Les jeunes gens iront au combat, les hommes mariés forgeront des armes et transporteront les subsistances. Les femmes feront des tentes, des habits et serviront dans les hôpitaux ; les enfants mettront les vieux linges en charpie, les vieillards se feront porter sur les places publiques pour exciter le courage des guerriers, inspirer la haine des rois et proclamer l'unité de la République."

Héroïque déclaration que BELLEGARDE venait faire retentir dans nos pays de l'Ouest, en même temps qu'il devait en précipiter et en surveiller l'exécution près des municipalités, du peuple, de l'armée, voire même des généraux, dont plusieurs, par de fréquents insuccès, avaient excité la défiance de la Convention ...

Le 24 septembre, lui et ses collègues prenaient l'arrêté suivant :

"Nous, représentants du peuple, réunis à la Châtaigneraie, instruits que la division commandée par le général Mieszkowsky vient d'essuyer un échec près de Saint-Fulgent ; que cet évènement malheureux pourrait avoir des suites plus fâcheuses si l'énergie des amis de la liberté ne redoublait avec les revers qu'ils éprouvent ;
Considérant que le premier besoin pour les vrais républicains est de poursuivre jusqu'à la mort les brigands dont l'existence est la cause de leurs maux ...
Arrêtons :
Art. 1er - Les administrateurs des départements de la Charente et de la Charente-Inférieure feront partir de suite pour les lieux ci-après indiqués les jeunes gens appelés à défendre la patrie par décret du 23 de ce mois dernier.
Art. 2 - Les citoyens du département de la Charente se rendront à Niort le 4 octobre prochain et ceux de la Charente-Inférieure se rendront à Luçon le 2 du même mois ...
La Châtaigneraie, le 24 septembre 1793, l'an second de la République une et indivisible .
(Signé) FAYOU, BELLEGARDE." ...

Sa mission se terminait le 25 novembre.

Le 7 janvier 1794, il défendit Westermann au sein de la Convention ; le 18 février, il fut nommé secrétaire ; et après le 9 thermidor, il fut envoyé une seconde fois à l'armée du Nord.

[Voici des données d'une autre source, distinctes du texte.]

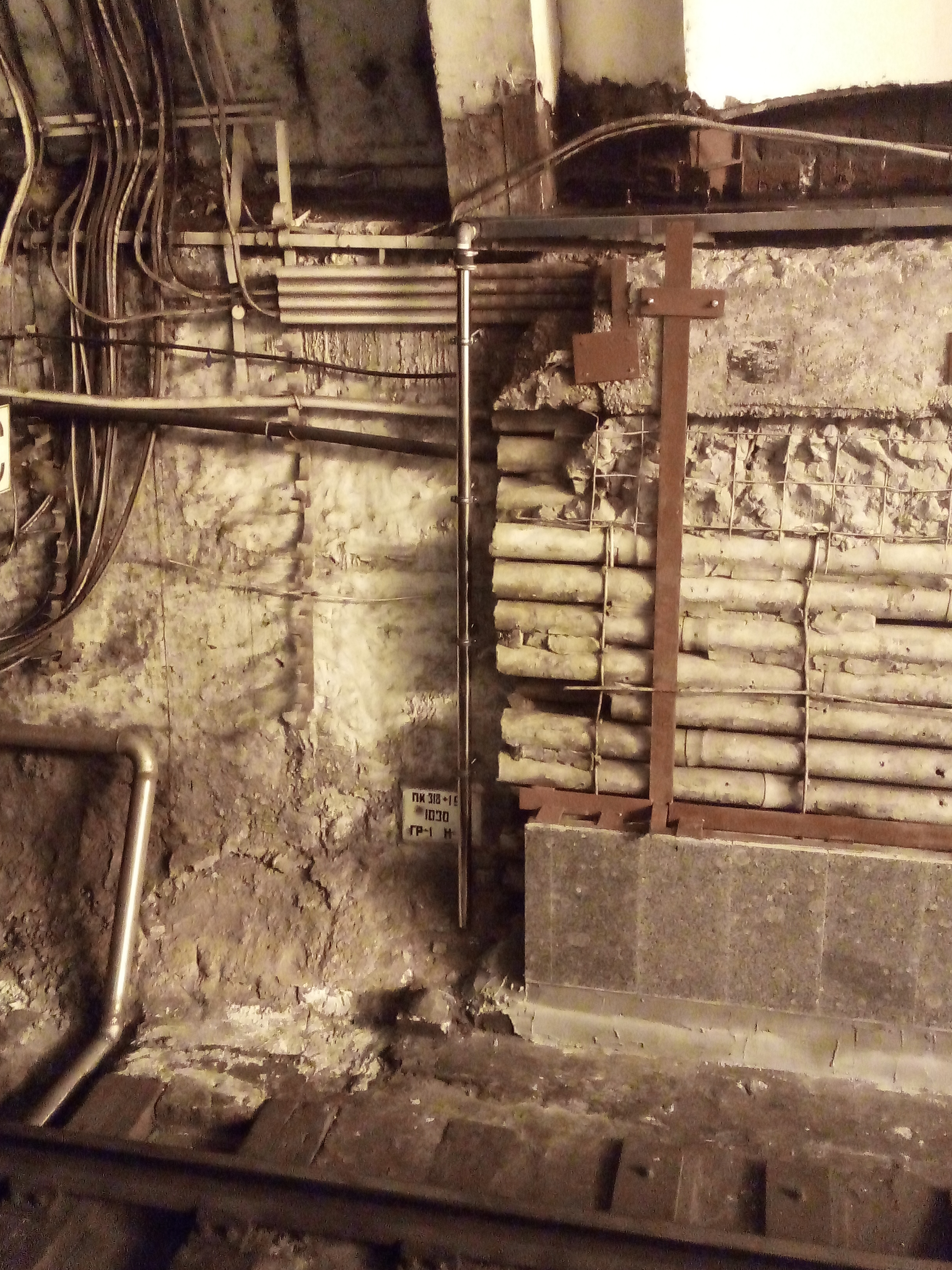 Еще обратил внимание на трубы, которыми соединили лоток, размещенный под водоотводящим зонтом станции над путевыми стенами, в районе кабельных дверей путевых стен (так как там распределительные коробки освещения - это только по 1 пути). Получается, что визуально эти трубы являются самой нижней точкой лотка (могу ошибаться, но на глаз выглядит именно так), и если в лоток будет поступать вода, то именно в районе этих труб она, по идее, и будет скапливаться (но там идеально сухо, воды не наблюдается совсем). Заканчивается этот лоток сливной трубой (я ее снял на фото).
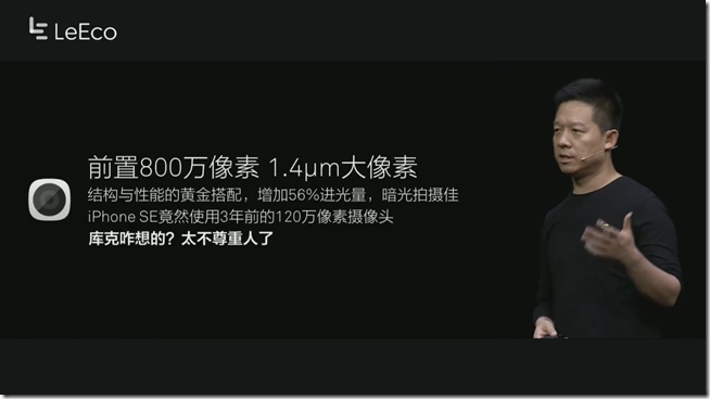 在今年的樂視北京發表會中,樂視執行長賈躍亭首先針對蘋果近日推出的iPhone SE,指出了其有七大缺點,並且認為他阻礙了手機產業的發展遇創新,並直指生態圈過於封閉,就在這一股指責蘋果氛圍下,賈躍亭推出了今年樂視旗下的三款手機。

Il suivit l'armée française en Hollande, adressa une proclamation aux Bataves, pour les engager à se révolter contre le stathouder.

Après la session, il passa au conseil des cinq-cents, et fut condamné à trois jours d'arrêt pour avoir frappé un journaliste qui l'avait insulté.

Il entra ensuite au conseil des anciens, devint secrétaire de cette assemblée en 1798, et dénonça, l'année suivante, les menées des royalistes dans la Charente.

Au 18 brumaire, il cessa de faire partie de nos assemblées politiques, obtint un emploi dans l'administration des eaux et forêts, et ne reparut qu'en 1815, à la fédération du champ de mai, comme député de la Charente.

Dès la promulgation de la loi de janvier 1816, il se rendit à la préfecture de la Charente, demanda un passe-port et, sans proférer une plainte, digne, maîtrisant ses angoisses, il ne songea plus qu'à quitter la France souillée. Il passa à Genève, puis Lausanne, à Berne, à Bonn, et après avoir erré quelque temps en Allemagne, c'est à Constance qu'il se réfugie. Il s'y fixe, il y souffre dans l'isolement, accablé d'années et d'infirmités, suite de ses blessures et des fatigues de ses longues campagnes.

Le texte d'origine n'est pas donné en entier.